Senegal is a West African nation with natural resources such as phosphates and iron ore. Dakar is its capital city; it serves as the country’s administrative and educational center. However, the majority of Senegal’s population prefers living in the rural areas, mainly fishing. Unfortunately, it is also the country with one of the lowest Human Development Index rankings, classified as a heavily indebted and poor country. That aside, here are some interesting Senegal facts you probably didn’t know.
1. Christmas Is Very Popular in Senegal, Even Though It’s a Muslim Country
Even though 95% of people from Senegal are Muslims and the country is home to the biggest Mosque in West Africa, Christmas remains a very popular festivity in the region.
2. “Their Library Has Burned” Is Euphemism for Dyeing in Senegal
In Senegal, when a person wants to politely say that an individual has died, they say, “His/her library has burned.”
3. Gum Tattooing Is Popular Among Senegalese Women
Tattooing of the gums is a common practice among Senegal’s Wolof women. Locally known as “Diamou,” the traditional practice is very painful as it involves using needles to artificially turn pink gums into black-grey. It is not only a beauty trend but also a measure of an individual’s ability to withstand pain.

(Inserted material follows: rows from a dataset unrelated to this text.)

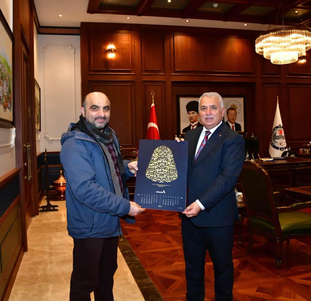 Trabzon Valisi Aziz Yıldırım, Albaraka Türk Sanat Danışmanı Abdusselam Ferşatoğlu’nu makamında kabul etti. Ziyarette Ferşatoğlu, Albaraka Türk’ün 40. yılına özel olarak hazırlanan takvimi Vali Yıldırım’a takdim etti.Görüşme sırasında, Ferşatoğlu, Albaraka Türk’ün sanat ve kültür alanındaki çalışmalarına dair önemli bilgiler verdi. Kurumun sanata ve sanatçılara sağladığı destekleri detaylı bir şekilde anlatan Ferşatoğlu, kültürel projelere ve sanatın toplumsal gelişim üzerindeki etkilerine dikkat çekti.Vali Yıldırım, sanat ve kültür alanındaki projelerin toplum üzerinde olumlu etkiler yaratacağına vurgu yaparak, Albaraka Türk’ün bu alandaki çalışmalarına değerli katkılar sunduğunu belirtti ve Ferşatoğlu’na çalışmalarında başarılar diledi.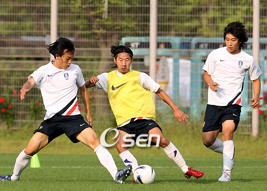 오는 6월 2일 네덜란드와 평가전을 갖는 태극전사들이 31일 낮 서울 홍은동 그랜드 힐튼 호텔에 소집돼 상암 보조경기장에서 훈련에 들어갔다. 전날 경기를 치른 선수들은 간단한 러닝으로 회복 훈련을 실시했고 나머지 선수들은 강도 높은 훈련을 소화했다. 미니게임서 이천수가 이근호와 김치우(왼쪽) 사이에서 공을 컨트롤하고 있다./손용호 기자spjj@osen.co.kr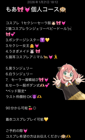 今日もお兄様方ご来店ありがとうございます明日は事前予約のお兄様と会えるのもあ楽しみです??明日も特別コース??個人イベント??開催します??お楽しみに?癒しをお届けしますね事前予約も待ってます??70分~アイマスク?90分~コスプレコース入浴剤プレゼントこの後は片付けしてゆっくりします寝る前にアニメと湯船入りながら??また明日おやすみもあ??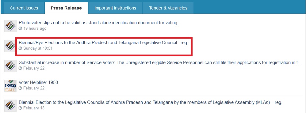 Now, the Commission has decided to hold above mentioned Biennial Election to Andhra Pradesh and Telangana Legislative Councils and bye election to the Andhra Pradesh Legislative Council from Visakhapatnam Local Authorities’ Constituency, in accordance with the following schedule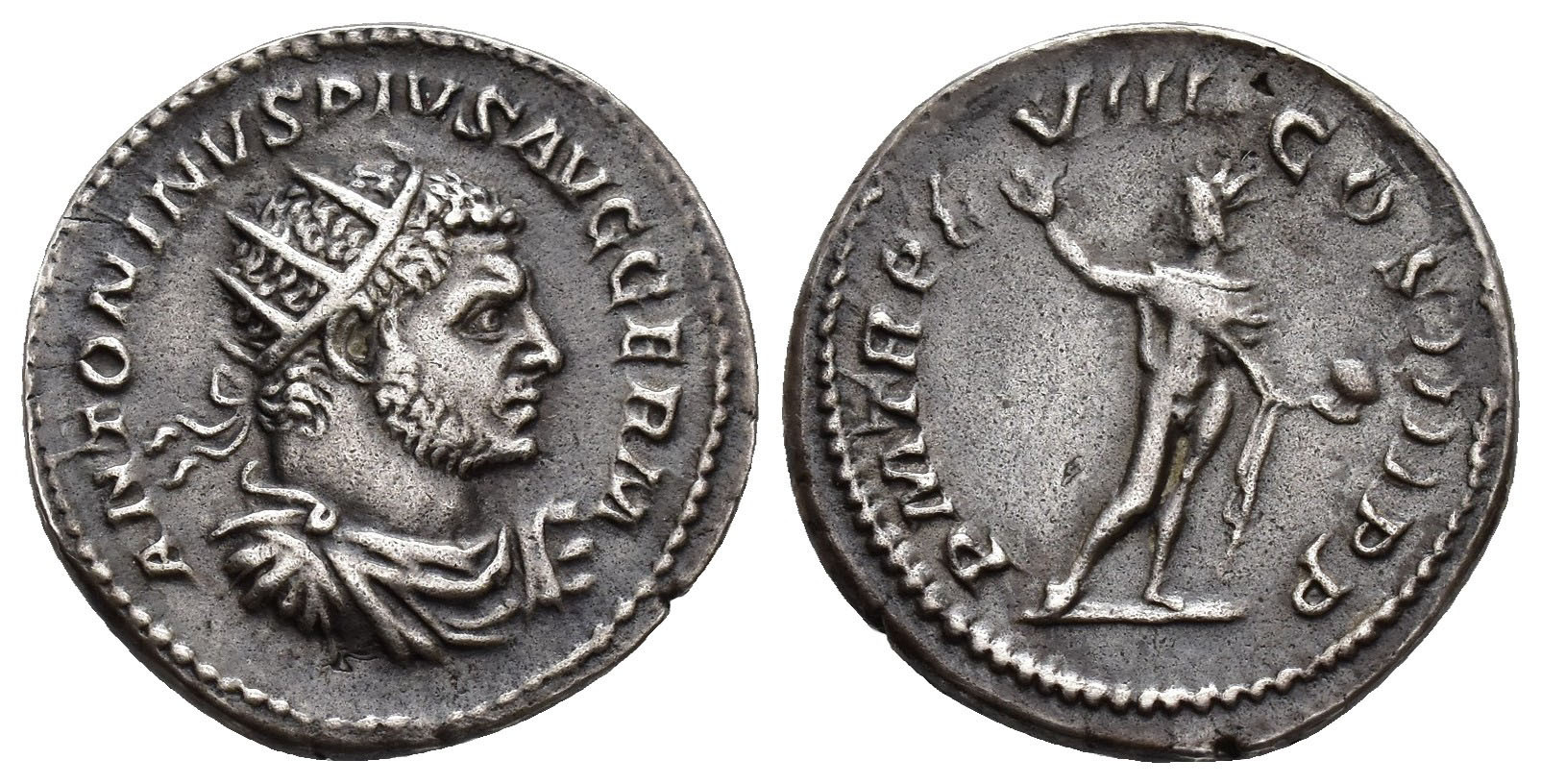 IMPERIO ROMANO. CARACALLA (211-217). Antoniniano. Roma (214). A/ Busto radiado, drapeado y acorazado a der.; ANTONINVS PIVS AVG GERM. R/ Sol mirando a izq.; P M TR P XVIIII COS IIII P P. VE 4,47 g. 21,7 mm. RIC-264B. MBC/MBC-.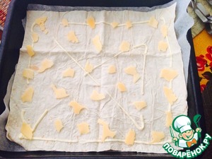 Противень застелить пекарской бумагой. Положить первый слой лаваша, добавив немного сыра и слегка смазать майонезом (это для того, чтобы при выпекании слои лаваша схватились вместе). У меня сыр был нарезанный, пришлось рвать его на мелкие ломтики, хотя было бы удобней потереть на тёрку.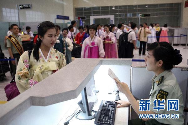 7月21日,朝鮮血海歌劇團(tuán)《紅樓夢》劇組的演職人員在遼寧丹東邊防檢查站辦理出境手續(xù)。

4. Rihanna’s Visit to Senegal in 2018 Evoked Massive Protests
Rihanna is one of the most successful and sought-after musicians in the modern world. She pulls crowds everywhere, with many considering her an epitome of beauty. However, when the star planned to visit Senegal in February 2018, she was met with a rather unusual and unpleasant reception. Muslim-led collective religious groups protested against her visit, stating that she was a member of the Illuminati and Freemasons.
5. There Is a Pink Lake in Senegal
Lying about 35 kilometers (22 miles) from Senegal’s capital, Dakar, is Lake Retba, famous for its pink waters. Sometimes known as Lac Rose, the lake got its pink pigment from Dunaliella salina Algae, with the color particularly strong from January to the beginning of March. The lake also has high salt content, with some areas recording up to 40% highs.
6. A French Queen Once Adopted A Senegalese Enslaved Boy
During the time when slavery was a thing, French queen Marie Antoinette was offered a boy from Senegal to help her with her house duties. However, the queen adopted and raised him as her son. She even arranged for his baptism and named him “Jean.” Unfortunately, when Jean was 10, a revolution started that led to his separation from the royal family; he was left on the streets to die.
7. Its Rivers Are Filled With Killer Hippopotamuses
River Gambia is one of the biggest rivers in West Africa. It runs from North Guinea and empties into the Atlantic Ocean, passing through Senegal and Gambia. Even though the river once attracted fishermen from Senegal, the presence of killer hippopotamuses made it hard for them to continue. Estimates show that over 25 people were killed, with plenty more left nursing nasty injuries over the past decade.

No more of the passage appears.